Scientists have recovered an audio recording, made by inventor Thomas Edison, from an artifact that historians believe is the earliest surviving talking toy doll record.
The artifact is a ring-shaped cylinder phonograph record made of solid metal, preserved by the National Park Service at Thomas Edison National Historical Park.
Phonograph inventor Thomas Edison made the record during late 1888 in West Orange, New Jersey. On the recording, an unidentified woman recites one verse of the nursery rhyme 'Twinkle, twinkle, little star'.
The voice captured on the 123-year-old record had been unheard since Edison's lifetime. The recording represents a significant milestone in the early history of recorded sound technology.
The metal record is significantly bent out of its original round, cylindrical shape. For this reason, curators at Thomas Edison National Historical Park were unable to play the recording using conventional methods.

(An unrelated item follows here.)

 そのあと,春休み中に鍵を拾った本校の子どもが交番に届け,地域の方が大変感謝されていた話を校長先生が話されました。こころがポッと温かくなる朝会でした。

At the Lawrence Berkeley National Lab, senior scientist Carl Haber and computer systems engineer Earl Cornell used a 3D optical scanning technology, with the Library of Congress, to create a digital model of the surface of the record, according to a Berkeley statement.
With this digital model, they used modern image analysis methods to reproduce the audio stored on the record.
Once the recording could be heard, historian Patrick Feaster of Indiana University played a key role in identifying and dating the recording by finding relevant references among archival documents.
In November 1888, the New York Evening Sun announced that Edison's talking dolls had just been 'perfected,' and that 'nothing remains but to manufacture them in large quantities'.
No commercially viable method of duplicating sound recordings had yet been developed, so Edison hired women to make as many records as he thought would be needed once his talking dolls were put on the market.
Feaster said these women were arguably the world's first professional recording artistes.